=== Begin Enclosure ===

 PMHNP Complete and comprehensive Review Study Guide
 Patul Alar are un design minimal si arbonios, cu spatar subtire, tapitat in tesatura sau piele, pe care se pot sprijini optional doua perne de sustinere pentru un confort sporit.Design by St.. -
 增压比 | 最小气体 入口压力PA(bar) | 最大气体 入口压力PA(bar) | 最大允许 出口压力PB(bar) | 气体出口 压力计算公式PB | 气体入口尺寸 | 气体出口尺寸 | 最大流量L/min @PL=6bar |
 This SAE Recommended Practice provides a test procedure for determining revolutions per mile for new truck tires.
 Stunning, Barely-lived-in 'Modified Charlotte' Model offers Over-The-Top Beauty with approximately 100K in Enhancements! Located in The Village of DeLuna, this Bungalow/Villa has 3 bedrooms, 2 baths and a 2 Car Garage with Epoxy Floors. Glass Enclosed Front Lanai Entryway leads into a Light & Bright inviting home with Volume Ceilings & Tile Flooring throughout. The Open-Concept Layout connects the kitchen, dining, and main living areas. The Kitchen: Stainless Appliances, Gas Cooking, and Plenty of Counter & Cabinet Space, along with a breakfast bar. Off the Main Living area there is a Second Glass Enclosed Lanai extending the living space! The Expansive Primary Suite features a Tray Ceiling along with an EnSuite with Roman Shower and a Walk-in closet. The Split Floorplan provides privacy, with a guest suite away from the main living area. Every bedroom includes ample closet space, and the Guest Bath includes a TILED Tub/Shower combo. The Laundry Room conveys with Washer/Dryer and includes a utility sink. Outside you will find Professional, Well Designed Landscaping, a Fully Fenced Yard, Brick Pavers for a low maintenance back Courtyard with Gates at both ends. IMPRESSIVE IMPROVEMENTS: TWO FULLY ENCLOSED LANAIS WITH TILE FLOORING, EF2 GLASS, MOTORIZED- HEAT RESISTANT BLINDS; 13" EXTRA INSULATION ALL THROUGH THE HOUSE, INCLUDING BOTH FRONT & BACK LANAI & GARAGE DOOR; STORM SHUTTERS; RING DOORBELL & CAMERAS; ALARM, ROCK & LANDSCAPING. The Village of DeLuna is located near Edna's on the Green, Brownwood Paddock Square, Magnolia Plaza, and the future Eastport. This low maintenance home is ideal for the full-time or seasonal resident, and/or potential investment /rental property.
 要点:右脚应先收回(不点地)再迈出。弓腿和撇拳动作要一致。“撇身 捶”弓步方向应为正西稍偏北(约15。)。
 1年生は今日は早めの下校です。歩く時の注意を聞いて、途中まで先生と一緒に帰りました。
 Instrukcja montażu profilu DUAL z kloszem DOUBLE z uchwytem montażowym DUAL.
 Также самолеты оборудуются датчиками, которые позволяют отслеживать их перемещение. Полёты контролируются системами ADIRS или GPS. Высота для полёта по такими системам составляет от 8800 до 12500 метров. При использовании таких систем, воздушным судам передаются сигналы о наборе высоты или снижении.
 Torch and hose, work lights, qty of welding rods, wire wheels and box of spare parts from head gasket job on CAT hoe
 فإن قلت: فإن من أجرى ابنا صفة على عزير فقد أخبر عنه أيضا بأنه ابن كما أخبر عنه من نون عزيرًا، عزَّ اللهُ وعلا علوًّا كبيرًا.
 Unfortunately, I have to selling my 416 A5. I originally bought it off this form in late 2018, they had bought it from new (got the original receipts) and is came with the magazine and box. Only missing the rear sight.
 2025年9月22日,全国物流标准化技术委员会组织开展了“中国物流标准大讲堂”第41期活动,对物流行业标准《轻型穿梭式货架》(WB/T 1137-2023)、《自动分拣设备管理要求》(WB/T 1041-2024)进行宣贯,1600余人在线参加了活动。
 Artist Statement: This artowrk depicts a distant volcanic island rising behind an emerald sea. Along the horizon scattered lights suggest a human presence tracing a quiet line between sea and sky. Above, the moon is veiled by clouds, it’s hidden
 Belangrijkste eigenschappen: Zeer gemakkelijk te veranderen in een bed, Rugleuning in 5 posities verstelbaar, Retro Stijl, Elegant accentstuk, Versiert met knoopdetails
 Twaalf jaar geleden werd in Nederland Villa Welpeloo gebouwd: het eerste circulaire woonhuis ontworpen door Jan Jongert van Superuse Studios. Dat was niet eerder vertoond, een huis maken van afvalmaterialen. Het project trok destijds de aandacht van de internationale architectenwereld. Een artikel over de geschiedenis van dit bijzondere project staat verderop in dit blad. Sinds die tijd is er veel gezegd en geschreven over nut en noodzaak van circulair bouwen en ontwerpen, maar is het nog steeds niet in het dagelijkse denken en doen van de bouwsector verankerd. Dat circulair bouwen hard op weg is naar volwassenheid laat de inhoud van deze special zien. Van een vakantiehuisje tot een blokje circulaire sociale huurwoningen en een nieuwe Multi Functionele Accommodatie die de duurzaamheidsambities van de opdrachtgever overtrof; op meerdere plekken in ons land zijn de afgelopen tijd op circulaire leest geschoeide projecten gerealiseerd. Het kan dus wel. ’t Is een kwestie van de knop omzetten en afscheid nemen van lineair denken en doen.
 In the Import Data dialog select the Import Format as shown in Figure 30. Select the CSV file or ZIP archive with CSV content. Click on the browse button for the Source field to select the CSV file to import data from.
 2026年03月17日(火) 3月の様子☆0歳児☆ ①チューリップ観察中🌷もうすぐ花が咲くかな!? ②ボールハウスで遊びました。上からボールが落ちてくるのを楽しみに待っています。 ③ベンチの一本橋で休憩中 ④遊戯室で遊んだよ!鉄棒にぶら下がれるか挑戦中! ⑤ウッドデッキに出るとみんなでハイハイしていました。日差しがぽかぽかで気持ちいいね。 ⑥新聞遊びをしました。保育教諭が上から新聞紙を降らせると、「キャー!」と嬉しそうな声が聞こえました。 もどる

=== End Enclosure ===

**WORK TO BE COMPLETED:**
Identify each line in the entries with the word "lights" and copy it.

**SOLUTION:**
 Torch and hose, work lights, qty of welding rods, wire wheels and box of spare parts from head gasket job on CAT hoe
 Artist Statement: This artowrk depicts a distant volcanic island rising behind an emerald sea. Along the horizon scattered lights suggest a human presence tracing a quiet line between sea and sky. Above, the moon is veiled by clouds, it’s hidden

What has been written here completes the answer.